→ **WORK ITEM**
Scan the listing below and copy each line holding the word "verano".

→ **GIVEN MATERIAL**
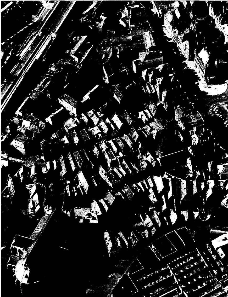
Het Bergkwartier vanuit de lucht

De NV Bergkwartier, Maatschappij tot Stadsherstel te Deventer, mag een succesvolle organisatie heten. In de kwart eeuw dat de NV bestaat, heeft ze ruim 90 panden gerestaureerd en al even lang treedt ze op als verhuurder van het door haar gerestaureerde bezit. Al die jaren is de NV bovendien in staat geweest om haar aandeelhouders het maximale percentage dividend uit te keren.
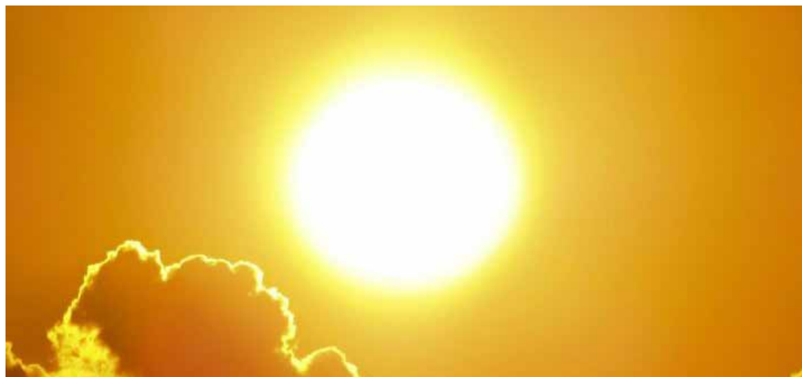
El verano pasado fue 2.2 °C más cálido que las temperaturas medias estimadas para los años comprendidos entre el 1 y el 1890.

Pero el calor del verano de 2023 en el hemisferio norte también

→ **SOLUTION FOR THIS PROBLEM**
El verano pasado fue 2.2 °C más cálido que las temperaturas medias estimadas para los años comprendidos entre el 1 y el 1890.
Pero el calor del verano de 2023 en el hemisferio norte también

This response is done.